От одного взвода отстал молодой солдат. Он остановился на дороге и, сделав лопатой на караул, смотрел на Суворова во все глаза.
Суворов придержал коня:
– Что ты? Чего стал?
– Лестно взглянуть на ваше сиятельство…
– Как тебя звать?
– Гусёк, ваше сиятельство…
– Ну, гусёк, от старых гусей не отставай!
Гусёк расхохотался и побежал догонять свой взвод.
– Взвод, стой! – скомандовал капрал. – Вольно!
– Дядя Никифор! – кинулся Гусёк к капралу. – Вот так так! Ну уж и генерал! Жеребчик под ним ледащий[145]… Сам-то худ!..
– А голова с пуд! – оборвал Гуська капрал. – Мужик ты был, Гусёк, мужиком и остался. Кто же это лопатой честь отдает? Осрамил ты меня, Гусёк, перед Суворовым! Ну, как позовет меня да скажет: «Как же это ты, брат Никифор? Чему молодых учишь? Как же это? Ай-ай!»
Солдаты сурово молчали.
Глава четырнадцатая
Штурм Измаила
Письмоводитель Курис, диктуя писарям приказы генерала, неизменно предварял текст приказа словами: «Суворов приказал».
Такое начало попало в текст нескольких приказов, и с той поры приказы по войскам объявляли, начиная непременно этими словами, хотя бы их в тексте и не было.
Суворов приказал резать по ильменям[146] сухой камыш на топливо, посылая на эту работу слабые команды. «От безделья в сырых землянках больше люди хворают», – пояснял приказ.
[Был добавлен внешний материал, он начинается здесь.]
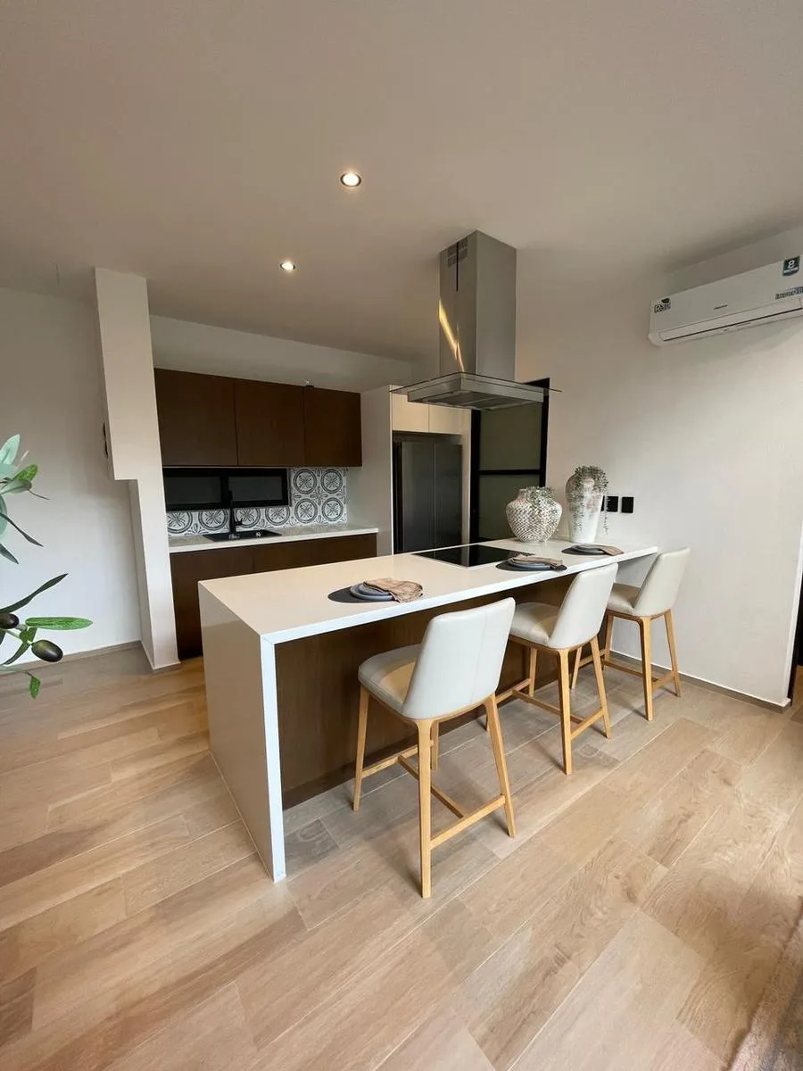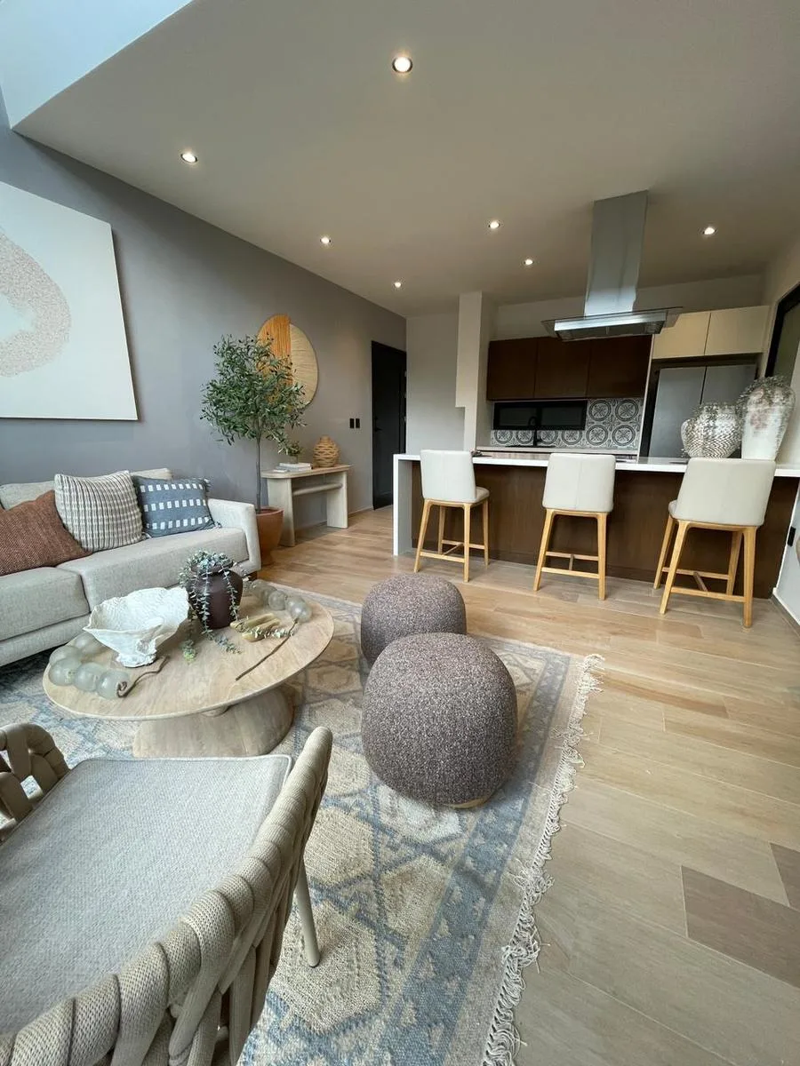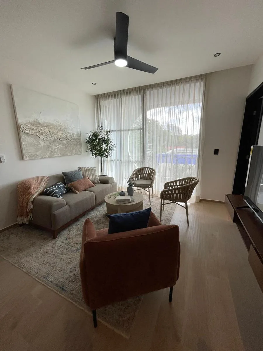 This one-bedroom apartment features a private terrace and encompasses a total area of 62 square meters. It is located in Playa del Carmen.

Задымились трубы камельков в давно не топленных землянках. В сырых солдатских убежищах стало веселее, суше и теплее. Число дымов в русском лагере умножилось. Турки, видя это, думали, что под Измаил прибыли новые крупные силы. У страха глаза велики. Перебежчики сообщали: в крепости думают, что Топал-паша привел к Измаилу 100 тысяч солдат.
Суворов приказал направить под Измаил маркитантов и подвозить продовольствие – хотя бы во вьюках на казачьих конях. Маркитанты прибыли и открыли свои палатки. Снова у лавок толклись армейские поручики, хлопцы майоров, денщики полковников, камердинеры генералов.
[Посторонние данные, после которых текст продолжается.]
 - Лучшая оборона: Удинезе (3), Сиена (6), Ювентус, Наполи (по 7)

Суворов приказал снять с застав пикеты и рогатки, «ибо нам никто отсель не угрожает». К Измаилу из глубины страны, казалось дотла разоренной, потянулись скрипучие возы. Молдаване навезли необмолоченной кукурузы. Распечатались полковые денежные ящики. В артельных котлах варили пшёнку, мамалыгу[147]. Солдаты грызли пареную кукурузу и похваливали. Число маркитантских фургонов возрастало. Прикочевал огромный табор цыган. Около их черных палаток зазвенели наковальни. Старухи цыганки гадали, покуривая трубки. Молодые цыганки стайкой бродили в толпе солдат меж возами, блистая черными глазами, звеня монистами.
Товару много – денег мало. Так часто бывает на ярмарках. В полковых денежных ящиках не на всех хватило денег, и солдаты больше глазели на товары, чем покупали. Там, где торговали с рук, бродил, что-то выискивая, Ваня Гусёк. В сумке у него гремело несколько медяков, а в руке он зажимал, как некий талисман, выданную ему после усиленных просьб ротным писарем бумажку. На ней было написано четыре слова: «Суворов платит три рубля».
Гусёк ходил по толкучке, выискивая то, что ему до зарезу было нужно. И наконец нашел. Какой-то смуглый человек – грек ли, турок ли, а может быть, и перс из Закавказья – держал в руках новую уздечку с серебряным набором. Гусёк остановился, разглядел уздечку и спросил цену. Продавец молча показал пальцами: «пять». Гусёк, подняв один палец, сказал:
– Целкового[148] за глаза довольно!
Смуглый продавец помотал головой. Гусёк принялся его уговаривать. Их окружили. Какой-то гусар, похвалив уздечку, спросил Гуська:
– Да зачем тебе, пехота, узда? Знаешь ли ты, где у кобылы хвост, где голова?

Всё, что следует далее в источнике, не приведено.